=== Task goal ===
Every line of the listing must be reproduced as it stands. Leave the images behind.

=== Collected material ===

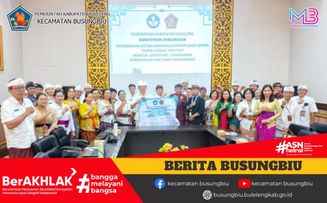 Kepala Seksi Sosial dan Budaya Kecamatan Busungbiu I Putu Ariasa menghadiri kegiatan Sosialisasi Sistem Penerimaan Murid Baru (SPMB) sekaligus Penandatanganan Komitmen Dukungan Pelaksanaan SPMB Tahun Ajaran 2026/2027 yang berlangsung di Ruang Rapat Bappeda Kabupaten Buleleng.
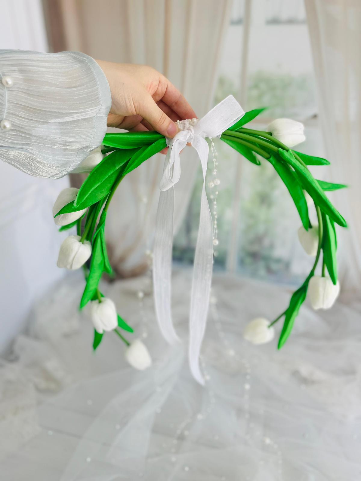 💐Her detayıyla bir sanat eseri… Bu özel tasarım gelin buketi, klasik formların ötesine geçerek modern zarafeti yeniden tanımlıyor. El işçiliğiyle hazırlanmış, zarif laleler ve inci dokunuşlarıyla zamansız bir şıklık sunar. Sıradan olmayan gelinler için tasarlandı. 💫 Yapay ama ıslak dokulu lalelerden oluşmaktadır . Elde duruşu görseldeki gibidir. Yaka çiçeği hediyedir. Teslim süremiz 15-20 iş günüdür; acil tarihler için sipariş notuna tarih eklemeniz yeterlidir.💖 Ürünlerimiz tamamen el yapımıdır; bu nedenle her buket ve süs benzersizdir. Çiçeklerin yerleşimi ve detayları ufak farklılıklar gösterebilir, bu da ürünlerimize özel bir karakter katar. 💐
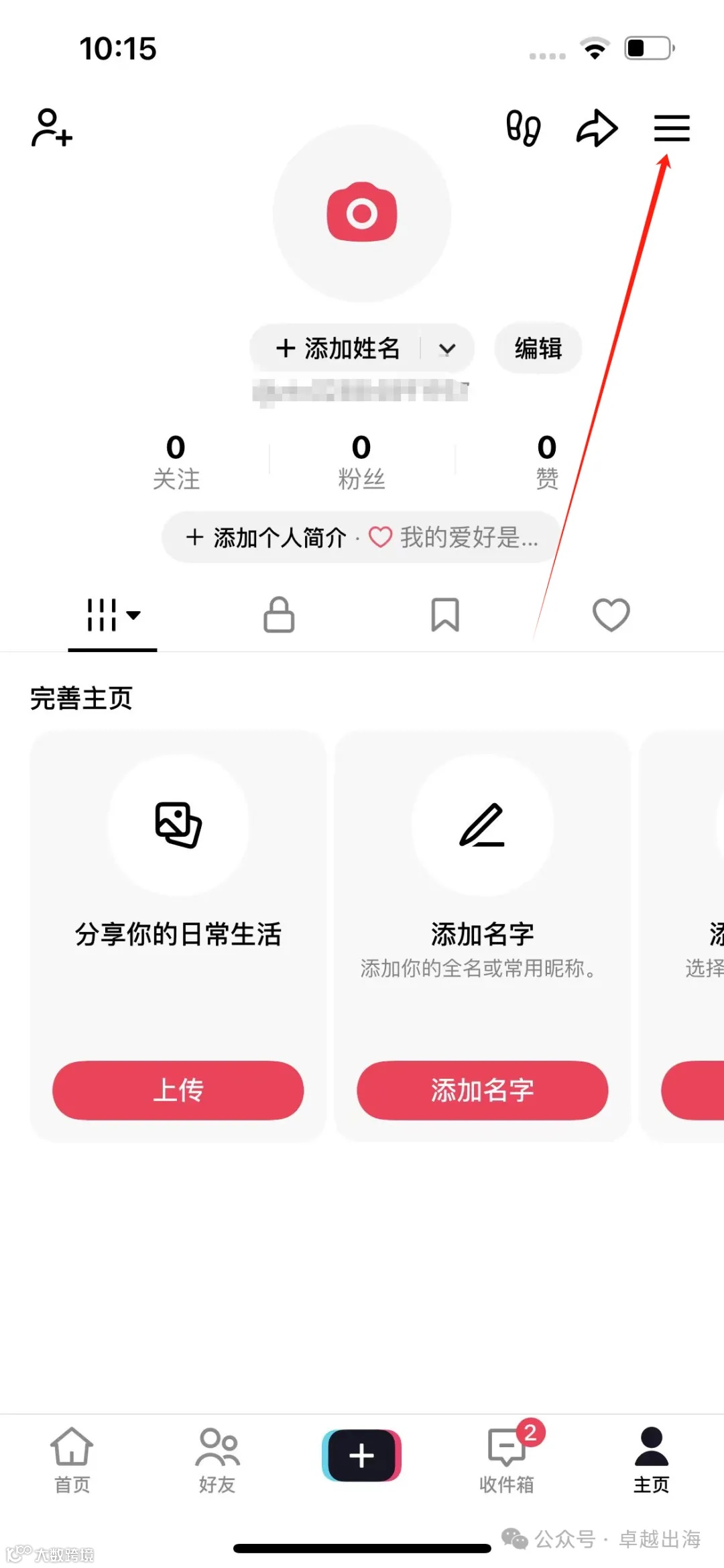 1.打开TikTok账号-选择我的-右上角的三条杠
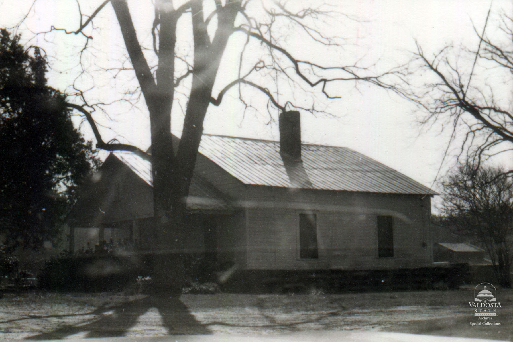 Georgia Architectural and Historic Properties Survey of Rural [144] Mid western section of the county, Valdosta, Ga. December 1980. A one story rectangular plan with gabled roof and shiplap. Gabled porch with square posts. Sash windows with 2/2 lights, exposed rafters. Brick piers. Date of Construction: c. 1910. A typical vernacular house common to Brooks County rural areas.

=== Response area ===
 Kepala Seksi Sosial dan Budaya Kecamatan Busungbiu I Putu Ariasa menghadiri kegiatan Sosialisasi Sistem Penerimaan Murid Baru (SPMB) sekaligus Penandatanganan Komitmen Dukungan Pelaksanaan SPMB Tahun Ajaran 2026/2027 yang berlangsung di Ruang Rapat Bappeda Kabupaten Buleleng.
 💐Her detayıyla bir sanat eseri… Bu özel tasarım gelin buketi, klasik formların ötesine geçerek modern zarafeti yeniden tanımlıyor. El işçiliğiyle hazırlanmış, zarif laleler ve inci dokunuşlarıyla zamansız bir şıklık sunar. Sıradan olmayan gelinler için tasarlandı. 💫 Yapay ama ıslak dokulu lalelerden oluşmaktadır . Elde duruşu görseldeki gibidir. Yaka çiçeği hediyedir. Teslim süremiz 15-20 iş günüdür; acil tarihler için sipariş notuna tarih eklemeniz yeterlidir.💖 Ürünlerimiz tamamen el yapımıdır; bu nedenle her buket ve süs benzersizdir. Çiçeklerin yerleşimi ve detayları ufak farklılıklar gösterebilir, bu da ürünlerimize özel bir karakter katar. 💐
 1.打开TikTok账号-选择我的-右上角的三条杠
 Georgia Architectural and Historic Properties Survey of Rural [144] Mid western section of the county, Valdosta, Ga. December 1980. A one story rectangular plan with gabled roof and shiplap. Gabled porch with square posts. Sash windows with 2/2 lights, exposed rafters. Brick piers. Date of Construction: c. 1910. A typical vernacular house common to Brooks County rural areas.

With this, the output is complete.